Recorded data
################

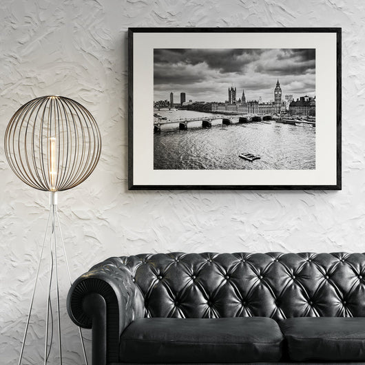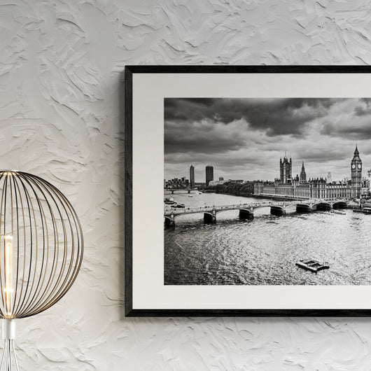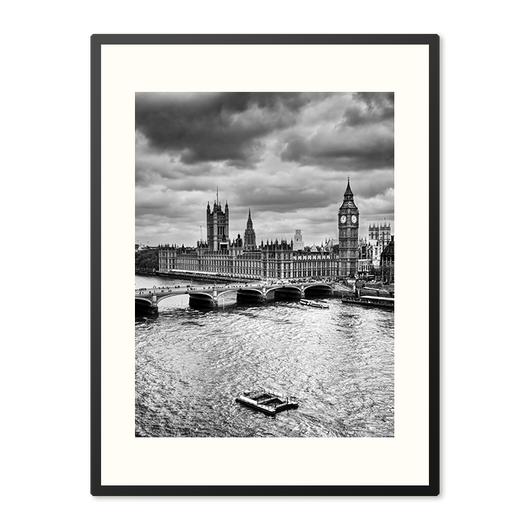 Duik diep in de ziel van Londen met deze verbluffende zwart-wit poster. De iconische Big Ben en het Britse parlement staan centraal, omringd door het bruisende leven van de Theems. Voel de historische charme gemengd met moderne vitaliteit elke keer dat je ernaar kijkt. Gevangen onder dreigende wolken, spreekt deze poster van tijdloze schoonheid en stedelijke grandeur.
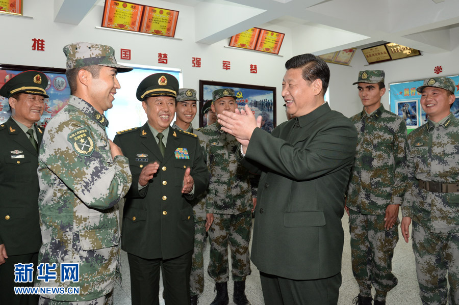 在同驻疆部队和武警部队负责同志交谈时,总书记强调,驻疆部队要贯彻中央部署要求,把反恐斗争提到战略高度来抓。要先发制敌,善于打主动仗,健全军警兵民联合反恐维稳机制,加大针对性演训力度,提高预防预警、快速反应、综合应对能力。
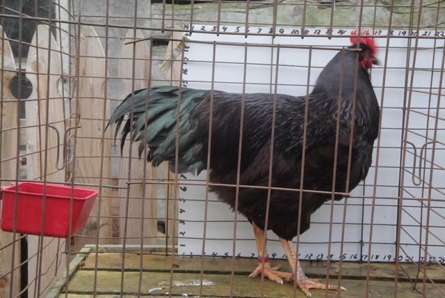 1 Okay, what I'm going to say is going by my RC. This boy has nice brick shape, nice length and straight back, looks like he will have good tail set, I'm not saying anything about leg color because I know what happens with pictures. Appears to have good wing carriage and is showing good color for coming out of molt. I think he will turn out to be a good one.
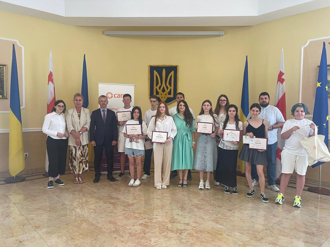 All students received Certificates of Participation from CARE Caucasus, Certificates of Completion of Courses from Ushynsky University, as well as memorable gifts that became symbols not only of success, but also of faith in the future.
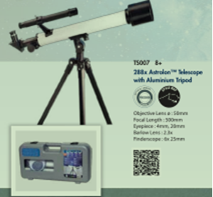 放大率288倍的望远镜,物镜镜片50MM,焦距500MM,目镜镜头支持直径4MM、20AMM;2.3倍巴洛镜,最大可以放大到662倍。带手提盒及铝合金支架。
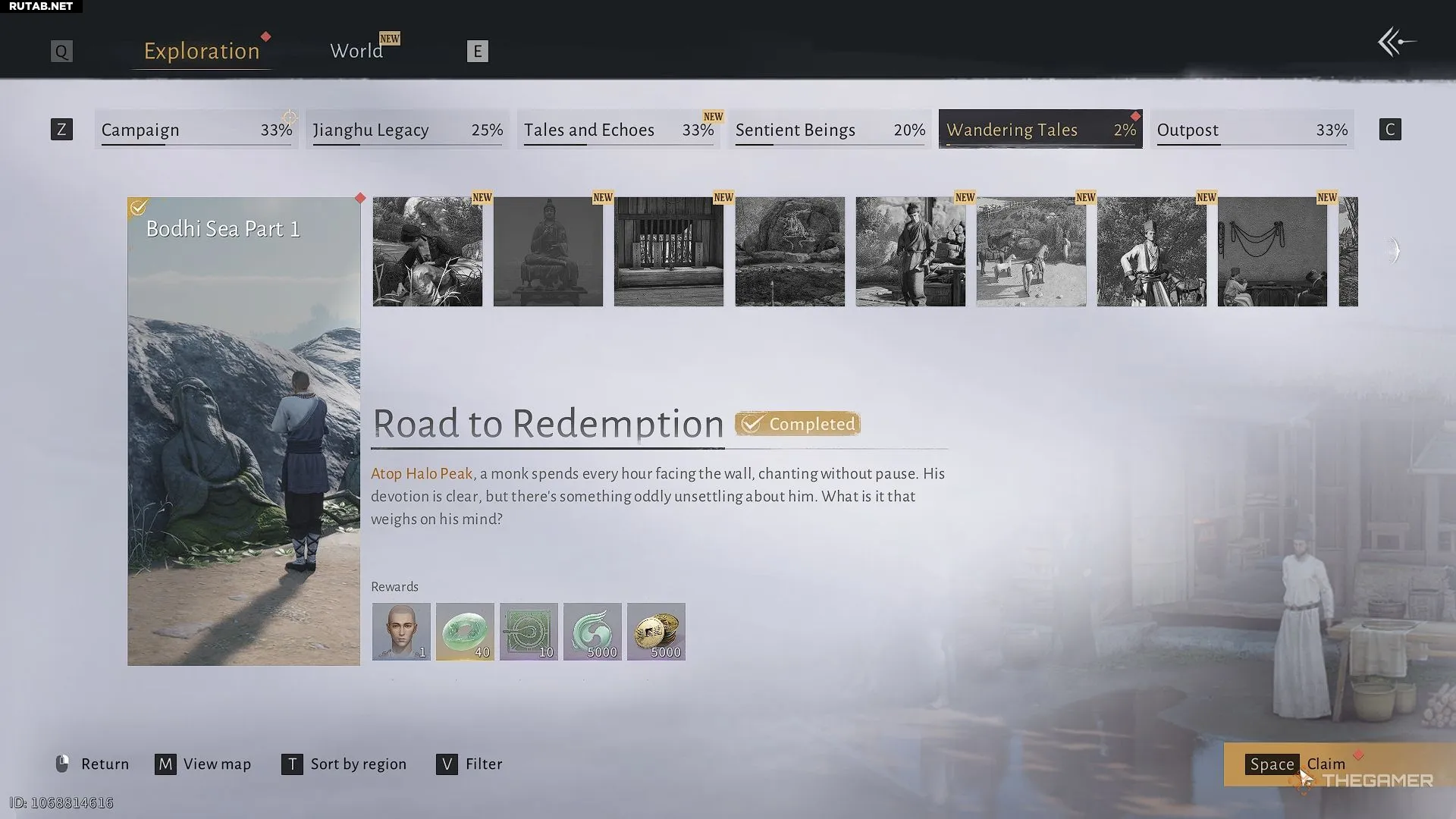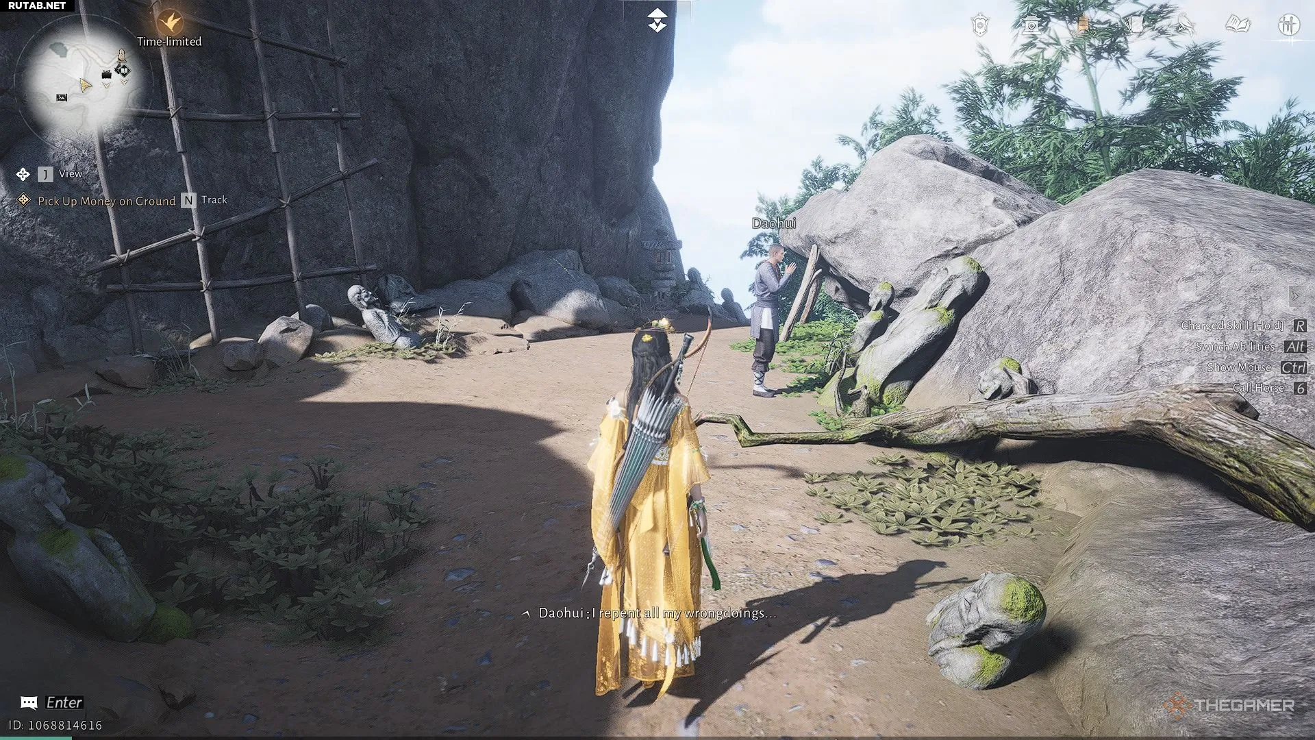 Поднявшись выше по горе, вы найдёте монаха по имени Даохуй, который молится. Поговорите с ним. Он расскажет, что пытается искупить прошлые грехи, считая себя виновным в трагедии, произошедшей в Море Бодхи.
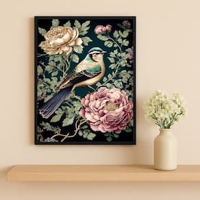 Quadro Pássaro e Flores 24x18cm Mold Branca
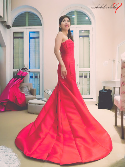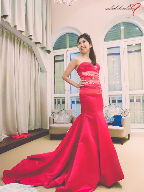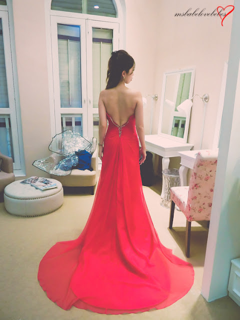 It seemed that red does worked really well for me. Thus, I was given yet another red bustier dress which I need to alter slightly bigger if I were to get this. I like the light chiffon feel with subtle blings and high cut at the thigh area as you walk with this gown.
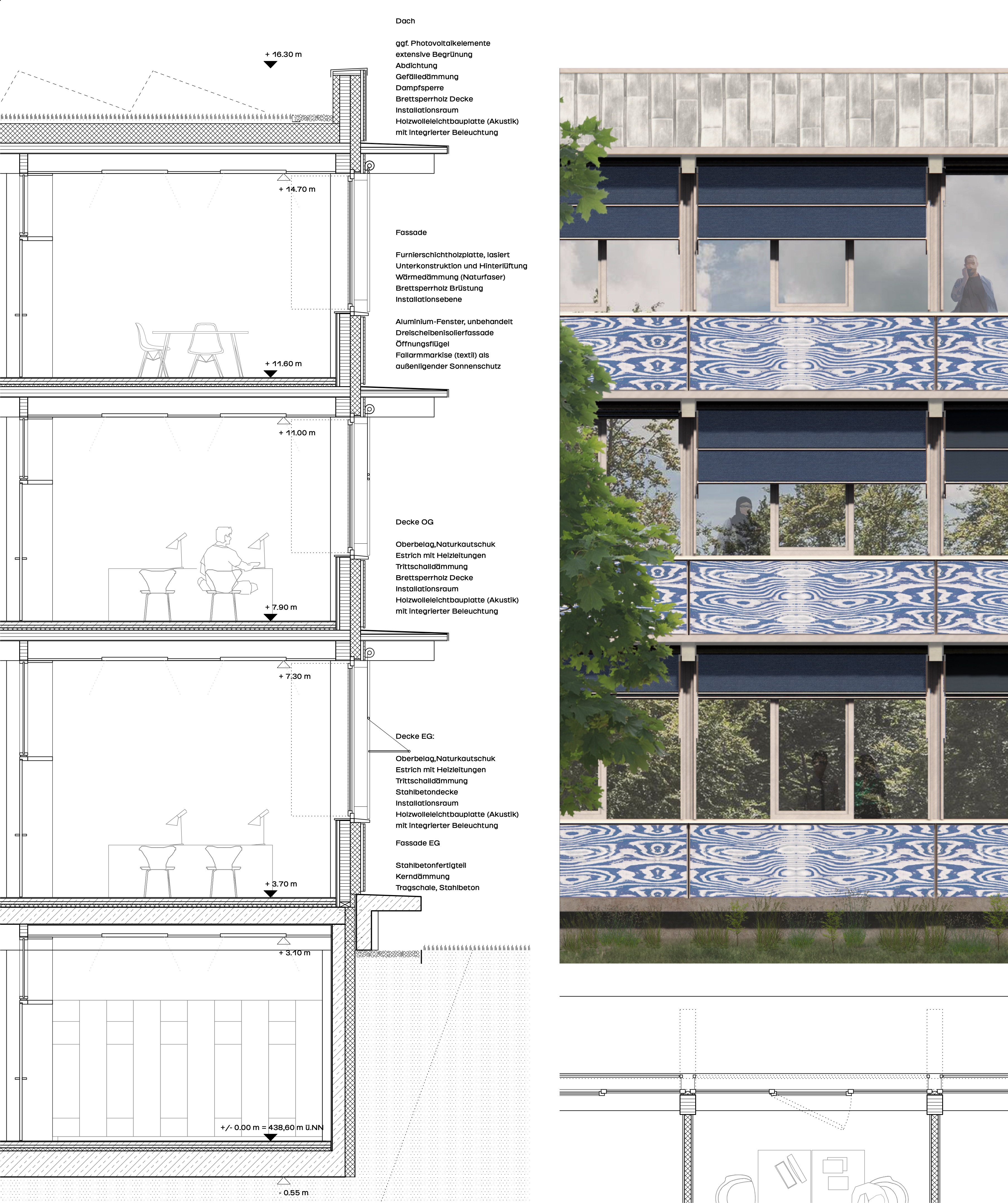 Bei der Konstruktion handelt es sich um einen Holzskelettbau, der auf einem Hang-Geschoss aus Stahlbeton steht. Die opaken Fassadenelemente sind aus blau gebeizten Furnierschichtholzplatten gefertigt und schimmern dadurch auf verspielte Art und Weise in bläulich-weißen Farbtönen.
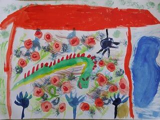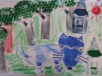 ローラーの使い方を工夫して,線や模様を描き,そこから作品を想像して,付け加え仕上げました。
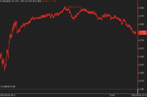 연합인포맥스의 해외금리 일중 화면(화면번호 6532)에 따르면 2일(미국 동부시간) 오전 8시 30분 현재 뉴욕 채권시장에서 10년물 국채금리는 전 거래일 오후 3시 기준가보다 7.20bp 오른 4.300%를 기록했다.
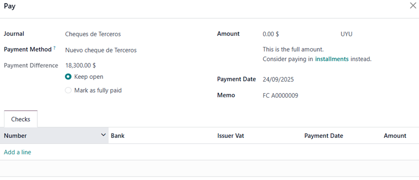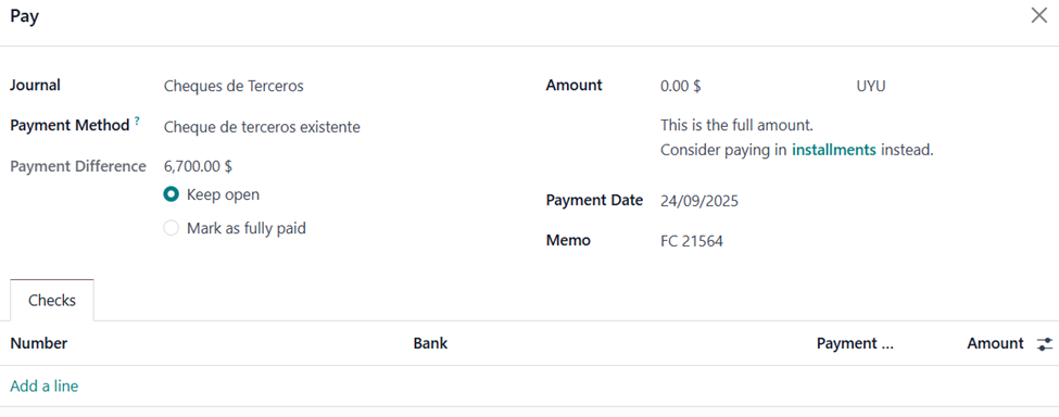 • When registering a vendor payment, choose the journal “Cheques de Terceros”:
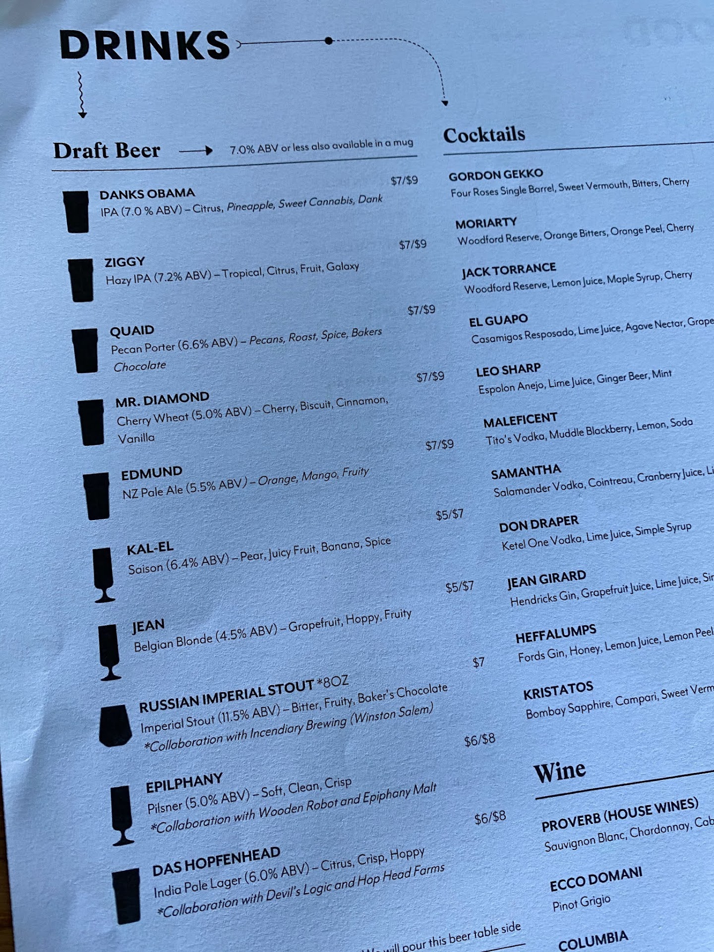 Protagonist first stole my heart when they opened their first location in NoDA. They have virtuous beer, chaste grounds, and an overall smashing milieu. Since I was so fond of the NoDA location, I just had to try this regenerated (new) and ameliorated (improved) venue located in Lower South End (LOSO). Protagonist LOSO is located on Southside Dr/Yancey Rd across the street from Queen Park Social (to the front), The Olde Mecklenburg Brewery & Biergarten (to the left), Sugar Creek Brewing Company & GoodRoad CiderWorks (to the right), and down the street from Brewers at 4001 Yancey (one of my fav places...review coming soon).

################

_Brief_
Output each entry shown above exactly as it stands, with all pictures removed.

_Answer box_
 Duik diep in de ziel van Londen met deze verbluffende zwart-wit poster. De iconische Big Ben en het Britse parlement staan centraal, omringd door het bruisende leven van de Theems. Voel de historische charme gemengd met moderne vitaliteit elke keer dat je ernaar kijkt. Gevangen onder dreigende wolken, spreekt deze poster van tijdloze schoonheid en stedelijke grandeur.
 在同驻疆部队和武警部队负责同志交谈时,总书记强调,驻疆部队要贯彻中央部署要求,把反恐斗争提到战略高度来抓。要先发制敌,善于打主动仗,健全军警兵民联合反恐维稳机制,加大针对性演训力度,提高预防预警、快速反应、综合应对能力。
 1 Okay, what I'm going to say is going by my RC. This boy has nice brick shape, nice length and straight back, looks like he will have good tail set, I'm not saying anything about leg color because I know what happens with pictures. Appears to have good wing carriage and is showing good color for coming out of molt. I think he will turn out to be a good one.
 All students received Certificates of Participation from CARE Caucasus, Certificates of Completion of Courses from Ushynsky University, as well as memorable gifts that became symbols not only of success, but also of faith in the future.
 放大率288倍的望远镜,物镜镜片50MM,焦距500MM,目镜镜头支持直径4MM、20AMM;2.3倍巴洛镜,最大可以放大到662倍。带手提盒及铝合金支架。
 Поднявшись выше по горе, вы найдёте монаха по имени Даохуй, который молится. Поговорите с ним. Он расскажет, что пытается искупить прошлые грехи, считая себя виновным в трагедии, произошедшей в Море Бодхи.
 Quadro Pássaro e Flores 24x18cm Mold Branca
 It seemed that red does worked really well for me. Thus, I was given yet another red bustier dress which I need to alter slightly bigger if I were to get this. I like the light chiffon feel with subtle blings and high cut at the thigh area as you walk with this gown.
 Bei der Konstruktion handelt es sich um einen Holzskelettbau, der auf einem Hang-Geschoss aus Stahlbeton steht. Die opaken Fassadenelemente sind aus blau gebeizten Furnierschichtholzplatten gefertigt und schimmern dadurch auf verspielte Art und Weise in bläulich-weißen Farbtönen.
 ローラーの使い方を工夫して,線や模様を描き,そこから作品を想像して,付け加え仕上げました。
 연합인포맥스의 해외금리 일중 화면(화면번호 6532)에 따르면 2일(미국 동부시간) 오전 8시 30분 현재 뉴욕 채권시장에서 10년물 국채금리는 전 거래일 오후 3시 기준가보다 7.20bp 오른 4.300%를 기록했다.
 • When registering a vendor payment, choose the journal “Cheques de Terceros”:
 Protagonist first stole my heart when they opened their first location in NoDA. They have virtuous beer, chaste grounds, and an overall smashing milieu. Since I was so fond of the NoDA location, I just had to try this regenerated (new) and ameliorated (improved) venue located in Lower South End (LOSO). Protagonist LOSO is located on Southside Dr/Yancey Rd across the street from Queen Park Social (to the front), The Olde Mecklenburg Brewery & Biergarten (to the left), Sugar Creek Brewing Company & GoodRoad CiderWorks (to the right), and down the street from Brewers at 4001 Yancey (one of my fav places...review coming soon).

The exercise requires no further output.